# AlignKGC #

This code repository accompanies the manuscript titled "Multilingual Knowledge Graph Completion With Joint Relation and Entity Alignment".
The code requires a GPU with 12GB+ memory.  BERT and each AlignKGC variant takes 20+ hrs of training.  All models have over 11 million parameters to train.


## Set up the environment ##

```
conda create --name alignkgc-conda python=3.7
conda activate alignkgc-conda
conda install pytorch torchvision torchaudio cudatoolkit=10.2 -c pytorch 
conda install scikit-learn tqdm requests filelock packaging
conda install -c conda-forge tensorboard
pip install transformers==3.3.1
pip install matplotlib
```

To use an RTX A6000 GPU, install the package `nvhpc-21-1-cuda-multi` [from nVidia](https://developer.nvidia.com/nvidia-hpc-sdk-211-downloads), then 

```
$ export LD_LIBRARY_PATH=/opt/nvidia/hpc_sdk/Linux_x86_64/21.1/cuda/11.0/lib64:/opt/nvidia/hpc_sdk/Linux_x86_64/21.1/math_libs/11.0/targets/x86_64-linux/lib:/opt/nvidia/hpc_sdk/Linux_x86_64/21.1/REDIST/math_libs/11.0/targets/x86_64-linux/lib:
```

and substitute some of the above packages with
```
conda install pytorch torchvision torchaudio cudatoolkit=11.0 -c pytorch
```
or whatever is needed for your platform.


## Data import and preparation ##

DBP5L can be downloaded from [here](https://drive.google.com/file/d/1iP_TtB6jAcVnLQJDGawKL4kzk8QyOUaU/view?usp=sharing) (anonymous).

<!---  OpenEA can be downloaded from [here](https://github.com/nju-websoft/OpenEA).  DBP15K can be downloaded from [here](http://ws.nju.edu.cn/jape/). -->

Download `bert-cased.zip` from [zenodo](https://zenodo.org/record/5501704/) (anonymous).

Create a `/path/to/data` folder outside the git working code directory base.
Unpack `DBP-5L` and `bert-cased` into `/path/to/data/` to give two sibling directories `/path/to/data/DBP-5L` and `/path/to/data/bert-cased`.

For sampling DBP5L to reveal a fraction of EA and a fraction of RA,

```
python -m importers.dbp5l_sampler --inpath /path/to/data/DBP-5L/
```

Next, to produce inputs for KGCmono, KGCunion and AlignKGC variants, run
```
python -m importers.dbp5l_combiner [--ea_percent 20] [--ra_percent 20] --dbp5l /path/to/data/DBP-5L/
```
You can specify EA and RA sample percents, otherwise standard ranges will be swept.  Subdirectories will be created under `/path/to/data/DBP-5L/combined/` for each percent pair.


## Training and testing ##

### Fine-tune the combined BERT ###

```
$ python -m mBERT.combined_mBERT --bert_pretrained_path /path/to/data/bert-cased/ --dbp5l_path /path/to/data/DBP-5L/ --combined_base /path/to/data/DBP-5L/combined/
```

This will save fine-tuned mBERT models for a sweep of EA percent.


### Train Jaccard ###

```
./scripts/Jaccard.sh /path/to/data/DBP-5L/ EA RA
```

Here EA is an entity alignment percent (1 or 2 digits) and RA is a relation alignment percent.  Use the percents available from the sampling step above.The model will be written inside a randomly named subdirectory of `/path/to/data/DBP-5L/combined/Combined_EA_RA/model_Jaccard/`.   Each run will create a new randomly named subdirectory.  All parameters will be saved to a file inside this subdirectory.

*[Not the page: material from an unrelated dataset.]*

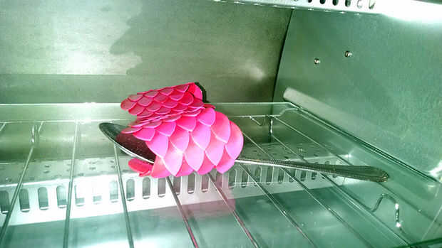 Ahora aquí está la parte difícil, que los extremos a unirse y permanecer el tiempo suficiente para hornear una última vez. Poner en su pegamento y unir los extremos, que empareja a la escalonada que una ronda perfecta. Entonces usted quiere conseguir una herramienta muy avanzada de la especialidad que no derrita en el horno. Me gusta llamar mío una "cuchara". Con la servidumbre hacia abajo tomar la "cuchara" y manténgalo durante la costura. Si usas un horno artesanal como la mía, entonces hay un problema leve de la quema de la parte superior. Así que Hornee durante menos de 10 minutos para comenzar con y ver de cerca. Puede ser blando y parece que va a aplanar. Esto es aceptable.

### Train Asymmetric (Hard-Asymmetric) ###

```
./scripts/Asymmetric.sh /path/to/data/DBP-5L EA RA
```


### Train AlignKGC (Soft-Asymmetric) ###

```
./scripts/AlignKGC.sh /path/to/data/DBP-5L EA RA
```


### Train AlignKGCmBERT (Soft-Asymmetric+mBERT) ###

```
./scripts/AlignKGCmBERT.sh /path/to/data/DBP-5L/ EA RA /path/to/data/bert_cased/
```


### Evaluate entity and relation alignments ###

```
python -m AlignKGC.eval_align --dbp5l /path/to/DBP-5L/ --ea_percent 50 --ra_percent 0 --model_path /path/to/best_valid_model.pt
```

### Evaluate KGC ###

The python entry point in each shell script above has a flag `--eval_only` that prints KGC performance for each language.